Big Gold Brick

big-gold-brick-movie

Emery Cohen and Andy Garcia star in BIG GOLD BRICK. (Photo: Samuel Goldwyn Films)

More exhausting than endearing, Big Gold Brick is an elliptical and introspective character study about someone who’s hardly worth the trouble, at least not in a sympathetic sense.

At its core, it satirizes suburban affluence and truth in the literary process, but even for those on the same absurdist wavelength, the film is too rambling and disjointed to make a more profound impact.

“I didn’t believe in fate, destiny, kismet — whatever you want to call it,” begins the persistent unreliable narration of Sam (Emory Cohen), a fledgling young writer who is hit by a car being driven by Floyd (Andy Garcia), a charismatic businessman.

As compensation, Floyd allows Sam to move into his upscale house and become his paid biographer. He’s got quite a story to tell, although it soon becomes clear that his life is filled with contradictions and fanciful narratives that don’t hold up to logical scrutiny.

Meanwhile, Sam has issues of his own, due to past trauma and present insecurities, plus hints that he eventually becomes more successful in the future as he weaves Floyd’s outlandish tales with his own.

As their surrogate father-son relationship meanders along, how much is real versus imagined? You might not care enough to figure it out as both men confront their inner demons.

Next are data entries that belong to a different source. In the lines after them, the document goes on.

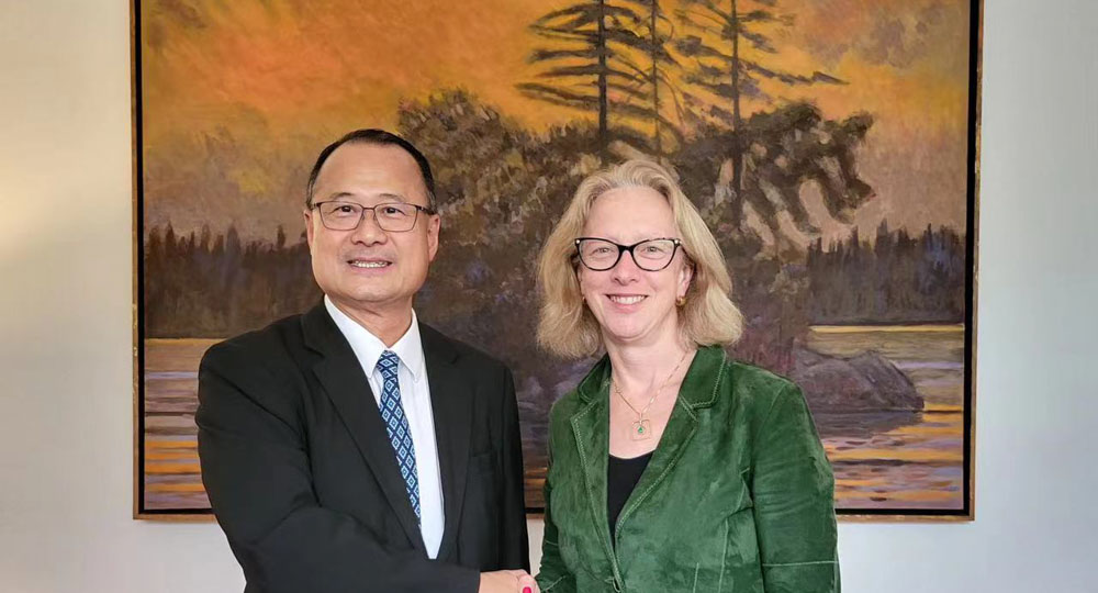 On August 10, Dr. Jonathan Choi, Chairman of Sunwah Group and Jonathan KS Choi Foundation, visited the Canadian Embassy in Beijing and had a discussion with Ambassador Jennifer May. The two sides discussed cultural and educational exchanges and cooperation between the two countries. Both sides look forward to closer ties and cooperation in the future.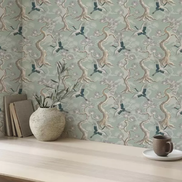 Papiers peints Grues parmi les branches courbées sur un fond doux couleur sauge Nr. a01023
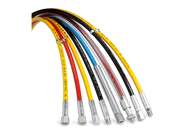 適用: 1. 一般的な工業用および移動用水力装置およびガス用における高圧サービス 2. ジャックシステムの柔軟な操作を促進する 3.ポリアミドコアチューブ4により,様々な液体に使用できます.労働圧 46.5 MPa (6.740 psi) から 70 MPa (10153 psi) まで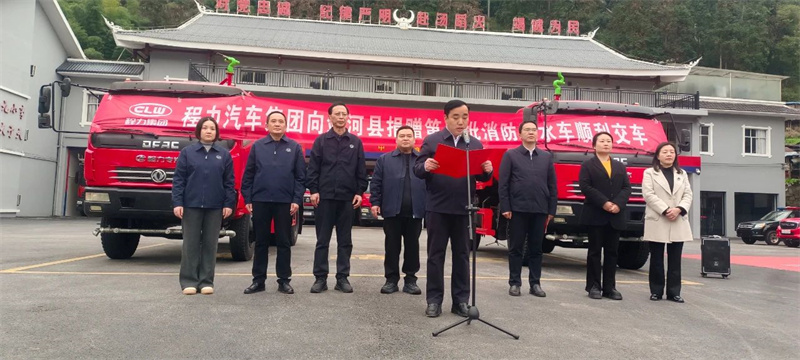 上圖:程力汽車集團(tuán)董事長程阿羅(前排左)向劍河縣副縣長王平(前排右)舉行象征“致富之匙”的車輛捐贈(zèng)儀式。 讓我們把時(shí)光的鏡頭聚焦在2024年11月23日,全國工商聯(lián)執(zhí)委、程力汽車集團(tuán)股份有限公司董事長程阿羅與集團(tuán)黨委書記袁昌才等相關(guān)部門負(fù)責(zé)人,第二次到劍河縣捐贈(zèng)消防灑水車;程董事長與劍河縣委書記楊勝朝、縣長陳林同志等職能部門領(lǐng)導(dǎo),在劍河消防隊(duì)舉行了“踐行萬企興萬村,程力劍河一家親”第二批消防灑水車捐贈(zèng)儀式。 上圖:從左至右分別是劍河縣縣長陳林、程力汽車集團(tuán)董事長程阿羅、劍河縣委書記楊勝朝、程力汽車集團(tuán)黨委書記袁昌才。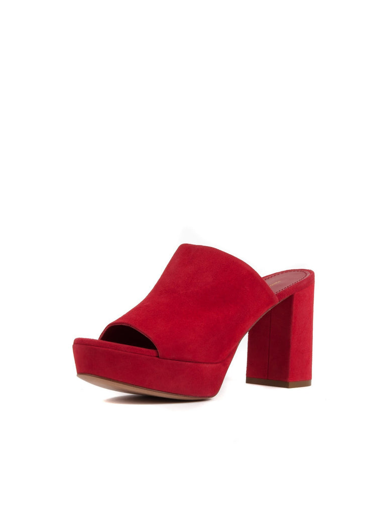 Suede Platform 90mm Peep Toe Mule - Red Suede Platform 90mm Peep Toe Mule - Red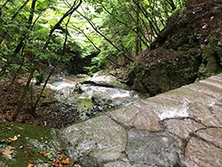 この橋から順調に進めば地蔵平までは10分程度。"順調に進めば…" と記したのは、途中で沢が林道を寸断し、ルートファインディングをミスる可能性がある理由による。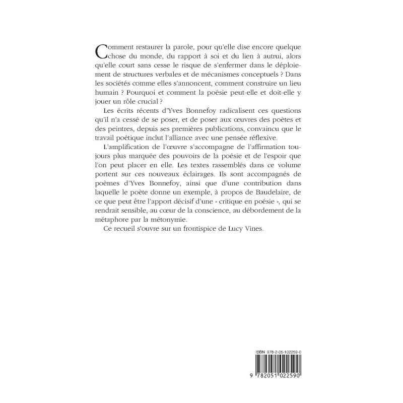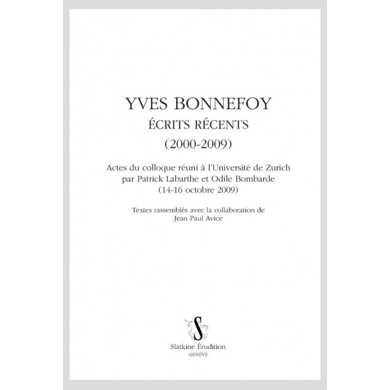 These papers are dedicated to Yves Bonnefoy, contemporary French poet and essayist. They focus on the analysis of his most recent writings between 2000 and 2009. The texts analysed in this volume are accompanied by poems and a paper written by Bonnefoy himself.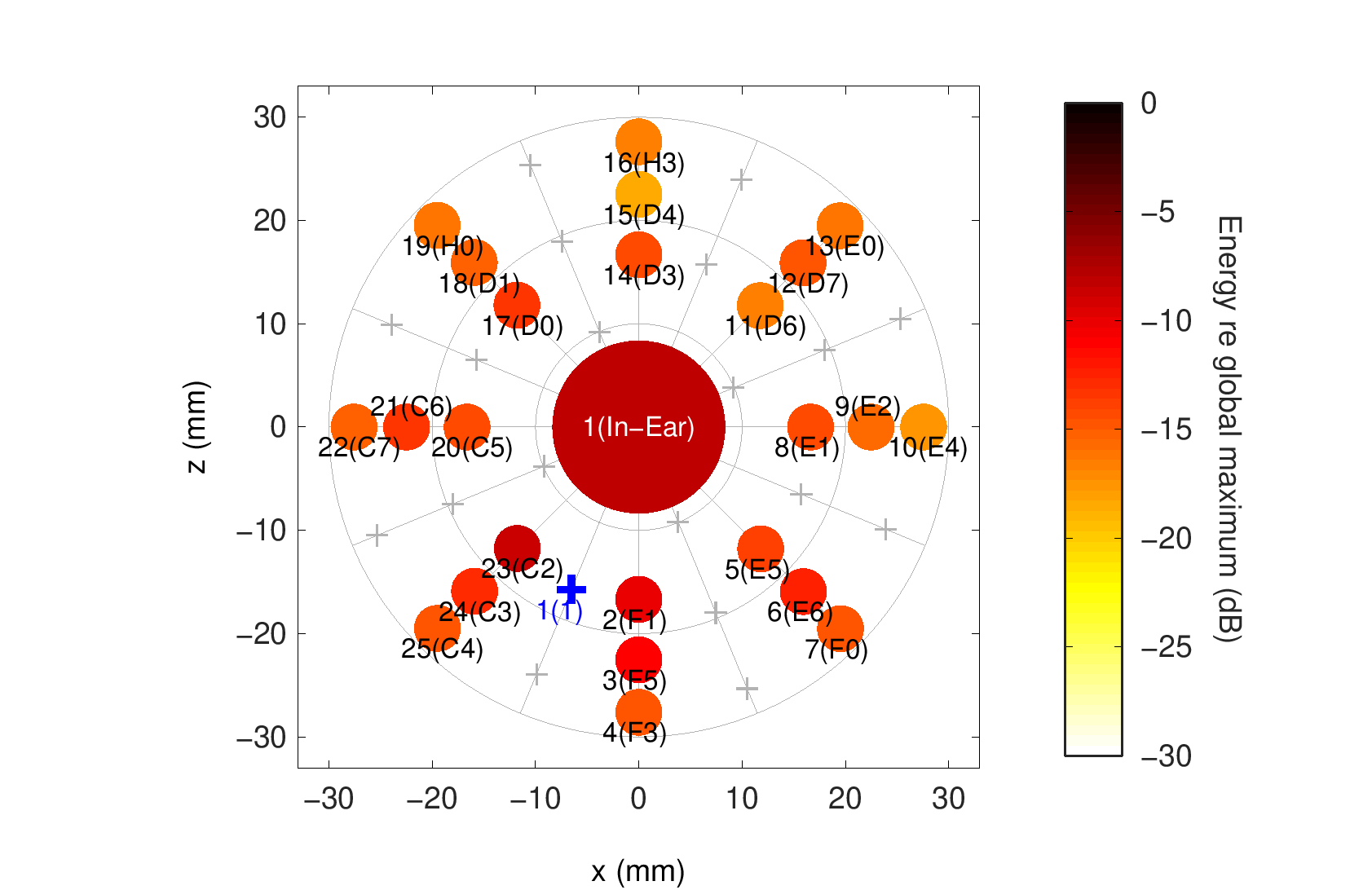 | Note: Sums of squared IRs at receivers (coloured dots) when one emitter is active (blue cross). The position of the in-ear microphone is indicative only as the actual position has not been recorded. |
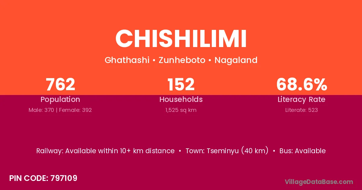 Chishilimi village has a total population of 762 people, of which 370 are males and 392 are females.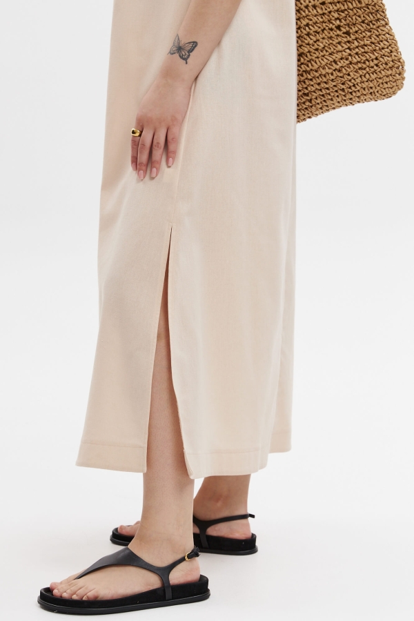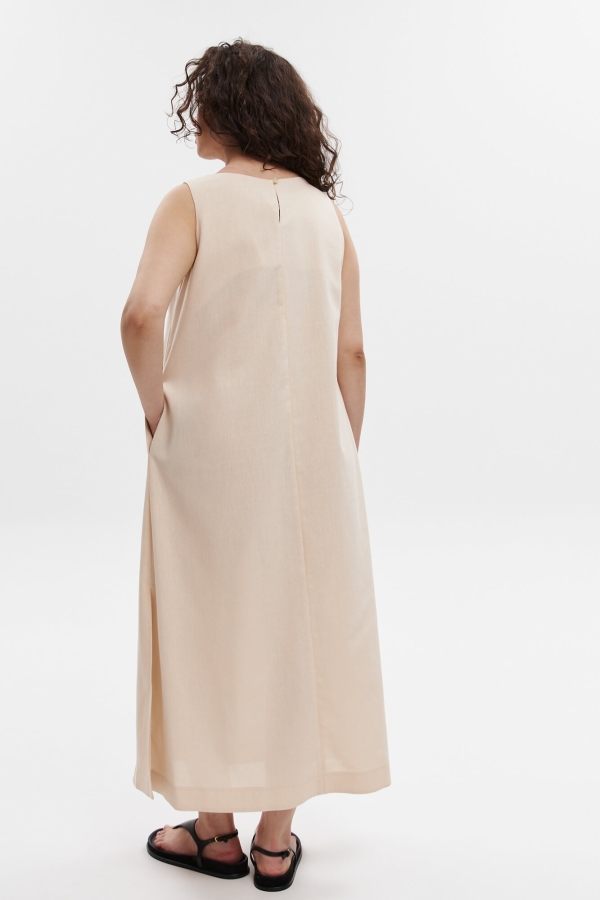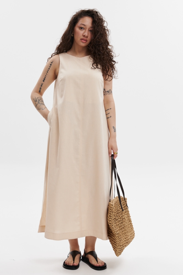Свободное платье А-силуэта с разрезами по бокам, с карманами в боковых швах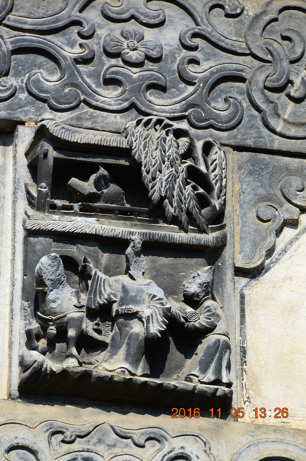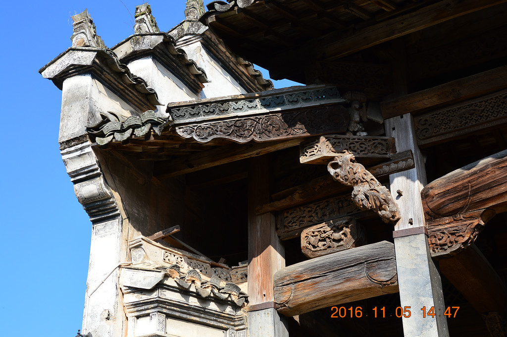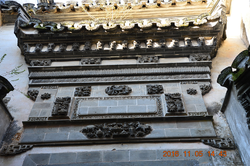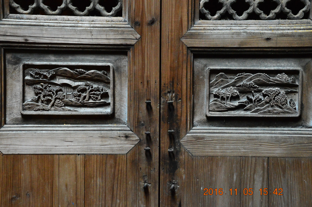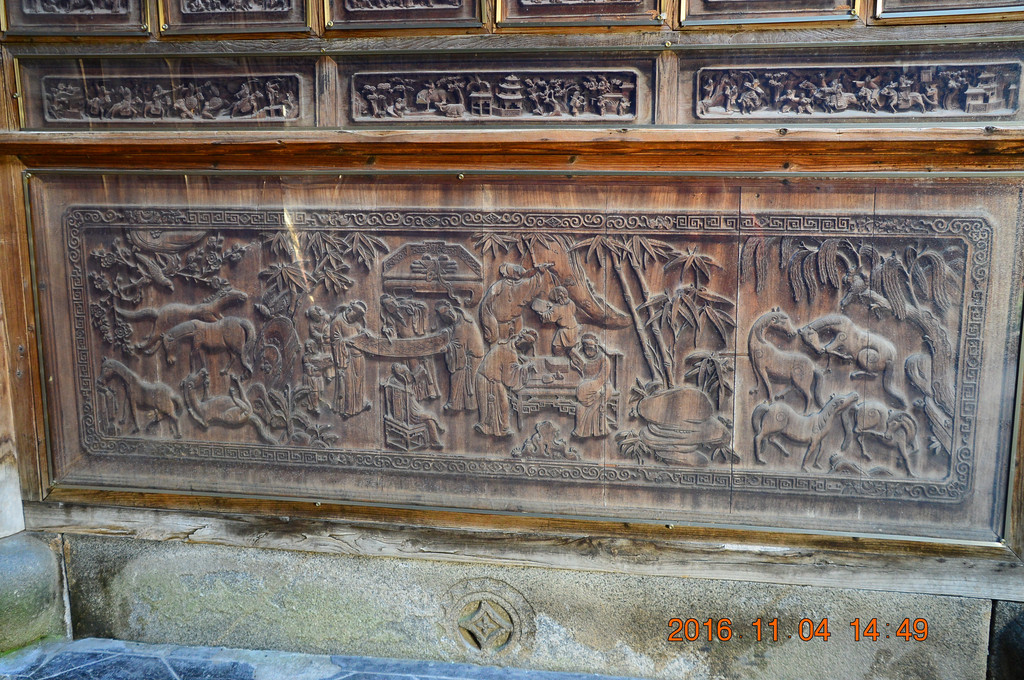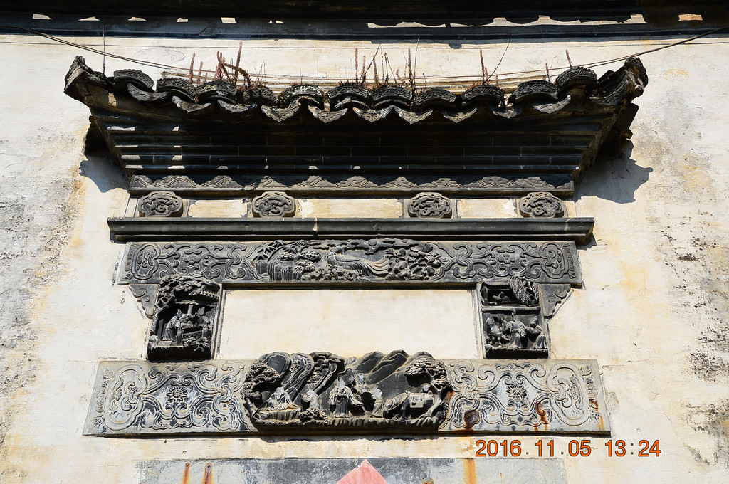 卢村最有价值的古建筑是木雕楼,包括志诚堂、思济堂、思成堂、玻璃厅等宅院。志诚堂建于清道光年间,仅木雕一项便由4个工匠用了25年时间才得以完成。可惜的是,木雕人物形象的脸部基本都在文革中被强制铲掉了。后来,我发现西递村、南屏村的古建筑木雕都存在同一现象。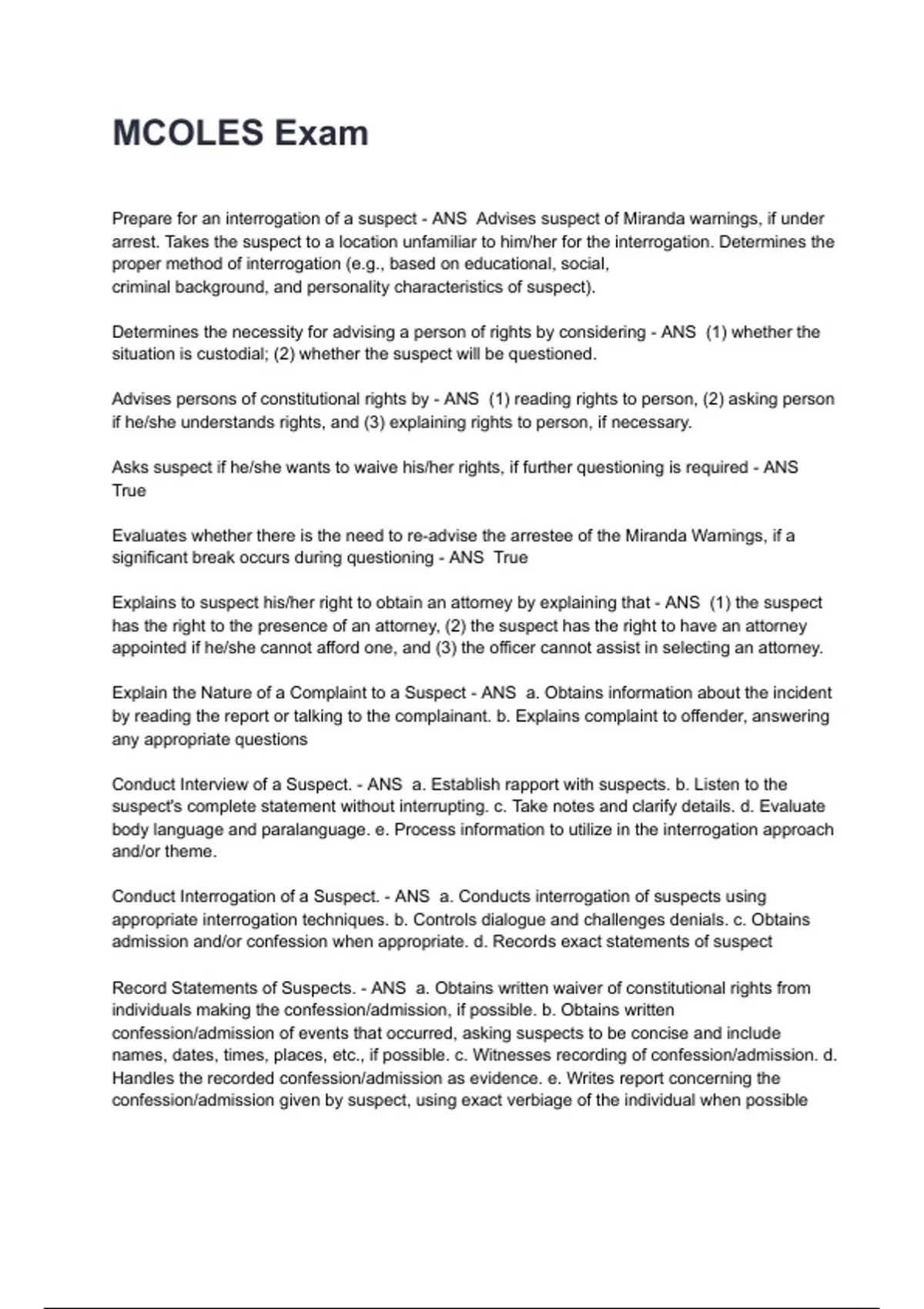 Conduct Interrogation of a Suspect. - ANS a. Conducts interrogation of suspects using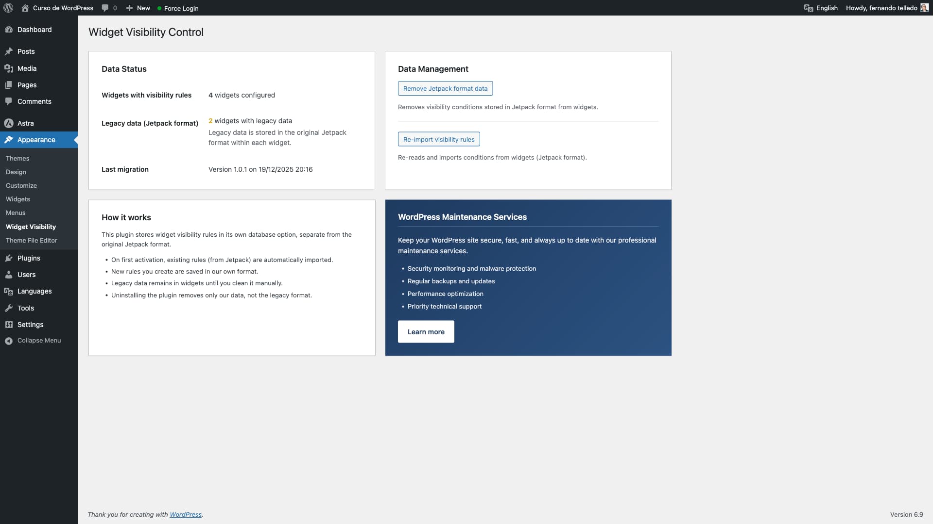 Coming from Jetpack? Your existing visibility rules will be automatically imported. Visit Appearance > Widget Visibility to review your imported data.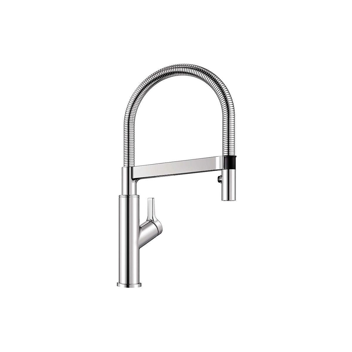 522404 - Mitigeur évier chromé Solenta-S Blanco 522404 avec douchette et orientable à 360°. - Type : Robinet. Gamme : Solenta-S. Type de robinetterie : Mitigeur avec douchette. Type de bec : Col de cygne. Degré d'orientatrion du bec : 360°. Douchette : Oui. Type de cartouche : A disques céramiques. Plaque de renfort : Oui. Clapet anti-retour : Oui. Divers : Finition PVD UltraResist (facile à nettoyer grâce au traitement PVD et très résistant). Couleur : Chrome. Inclus : Support magnétique pour la douchette, Flexible de douchette gainé métal, Flexibles de raccordement longueur 450 mm et écrou 3/8''. Hauteur (cm) : 44.5. Profondeur (cm) : 20.5. Diamètre de perçage (mm) : 35.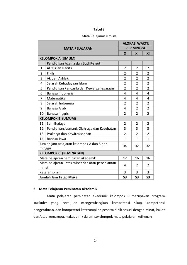 Struktur Kurikulum 2013 Madrasah Aliyah Ma Terbaru Harian Madrasah

The aggressively idiosyncratic screenplay by rookie director Brian Petsos tries to juggle wildly disparate tones with varying degrees of success. The dueling biographies take a back seat to Petsos’ self-indulgent stylistic flourishes and the obligatory eclectic choices on the soundtrack.

The film generates some scattered laughs yet is less effective when it tries to flesh out Sam’s back story by probing his tormented headspace with too many detours into his paranoid fantasies.

Other subplots go nowhere, such as Floyd’s mentorship of a high school basketball star (Tevin Wolfe) and Sam’s awkward attempts to woo Floyd’s daughter (Lucy Hale). The film squanders a supporting cast including Megan Fox as Floyd’s trophy wife and Oscar Isaac as an over-the-top mobster with a machine-gun fetish.

Ultimately, the stuffy and pretentious traits exhibited by both characters carry over to the film itself, as Big Gold Brick fails to pay off.

 

Not rated, 132 minutes.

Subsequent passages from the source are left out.